[DATASET RECORDS Boundary: Start]
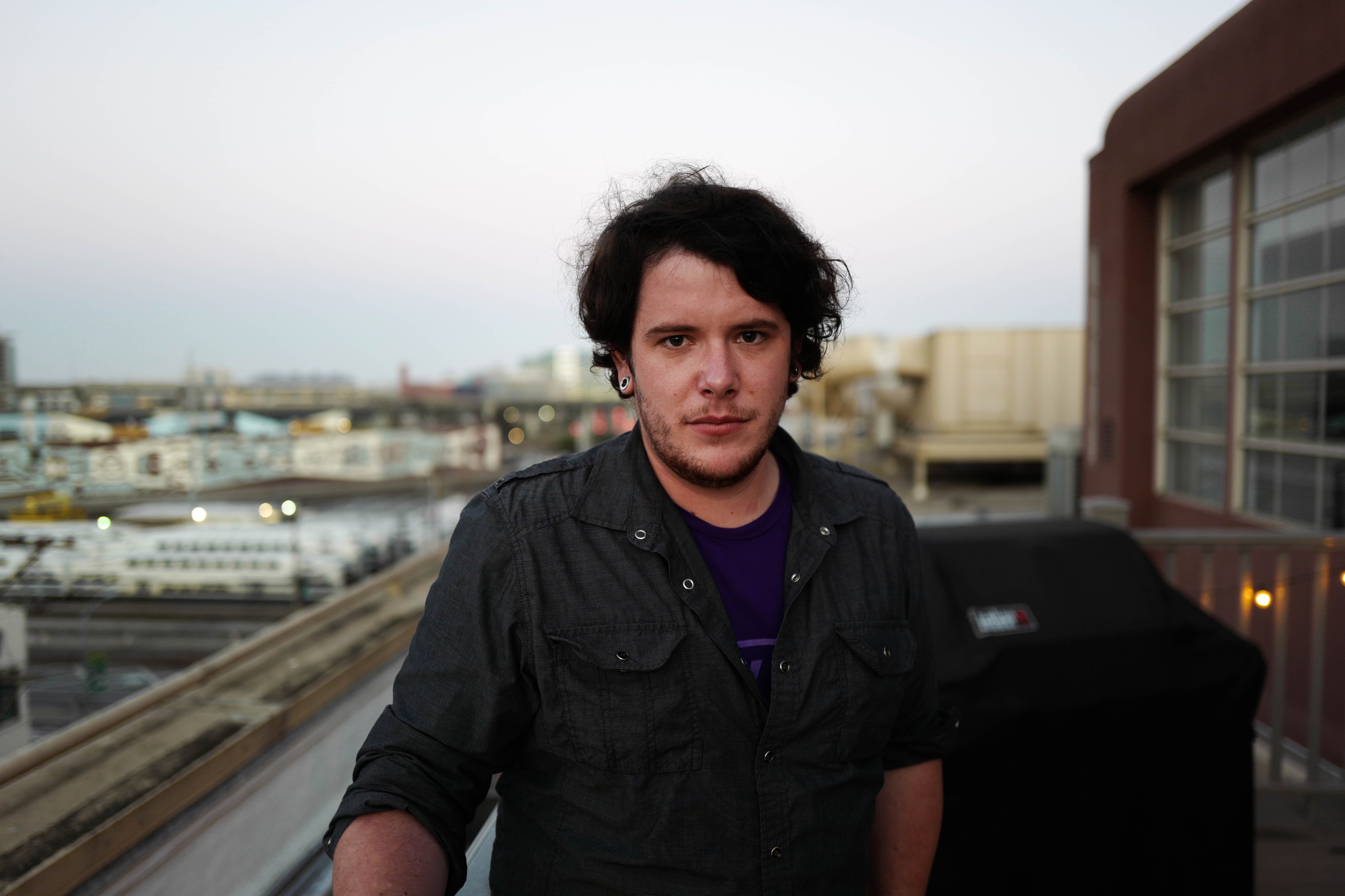 The photograph captures a young man standing resolutely on a rooftop, framed against a soft dusk sky. The cool tones of twilight contrast with his deep expression, evoking a sense of introspection. The urban backdrop, with hints of city lights beginning to sparkle, adds depth to the mood, creating a contemplative yet vibrant atmosphere.
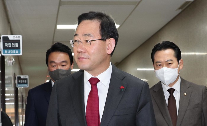 ▲ 국민의힘 주호영 원내대표(가운데)와 정개특위위원인 정희용(왼쪽), 장동혁 의원(오른쪽)이 4일 오전 서울 여의도 국회에서 열린 국민의힘 원내대표-정개특위위원 선거구제 개편 관련 비공개 긴급회의에 참석하고 있다. 2023.1.4
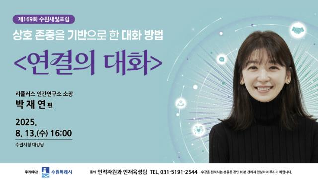 [뉴스스텝] 리플러스 인간연구소 박재연 소장이 13일 오후 4시 시청 대강당에서 열리는 제169회 수원새빛포럼 강사로 나선다.
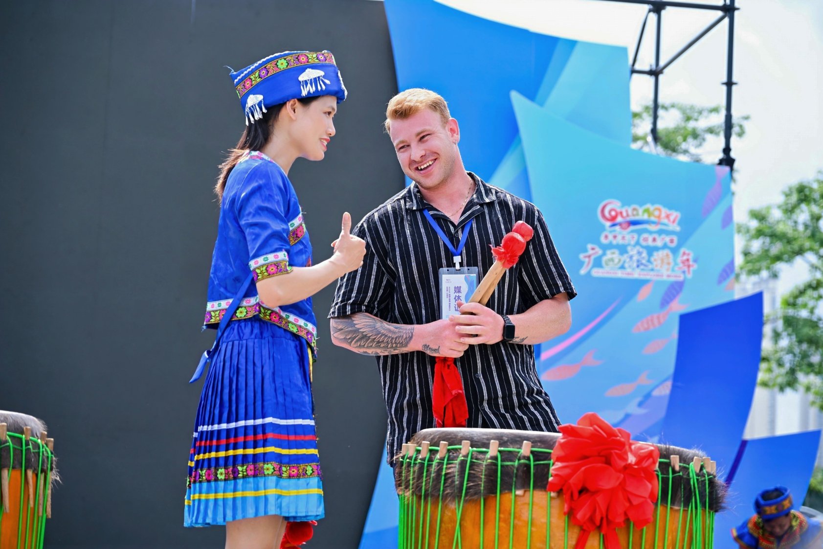 外国友人在当地传承人的指导下体验烟墩大鼓
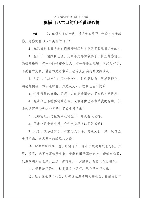 祝福自己生日的句子说说心情 导读:1,在我生日这一天,将快乐的音符
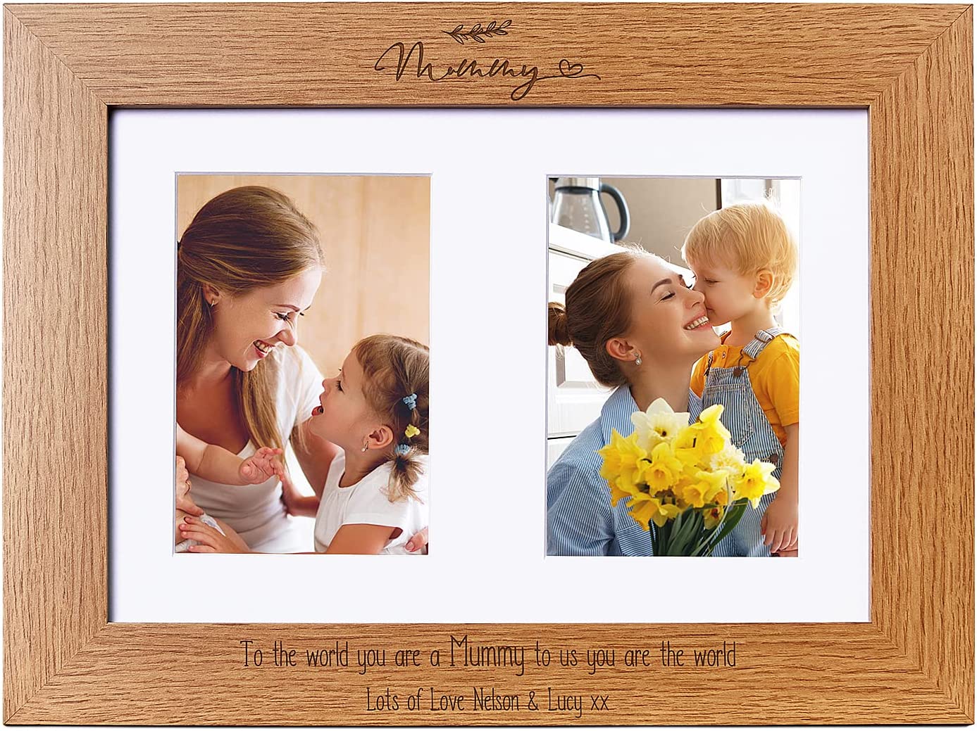 Personalised Mummy Wooden Double Photo Frame Gift Portrait A lovely wooden frame to display those all important or memorable photos.
[DATASET RECORDS Boundary: End]
◆ AIM OF THE EXERCISE
Your answer should be every line above, written out exactly, with no pictures.

◆ YOUR SOLUTION
 The photograph captures a young man standing resolutely on a rooftop, framed against a soft dusk sky. The cool tones of twilight contrast with his deep expression, evoking a sense of introspection. The urban backdrop, with hints of city lights beginning to sparkle, adds depth to the mood, creating a contemplative yet vibrant atmosphere.
 ▲ 국민의힘 주호영 원내대표(가운데)와 정개특위위원인 정희용(왼쪽), 장동혁 의원(오른쪽)이 4일 오전 서울 여의도 국회에서 열린 국민의힘 원내대표-정개특위위원 선거구제 개편 관련 비공개 긴급회의에 참석하고 있다. 2023.1.4
 [뉴스스텝] 리플러스 인간연구소 박재연 소장이 13일 오후 4시 시청 대강당에서 열리는 제169회 수원새빛포럼 강사로 나선다.
 外国友人在当地传承人的指导下体验烟墩大鼓
 祝福自己生日的句子说说心情 导读:1,在我生日这一天,将快乐的音符
 Personalised Mummy Wooden Double Photo Frame Gift Portrait A lovely wooden frame to display those all important or memorable photos.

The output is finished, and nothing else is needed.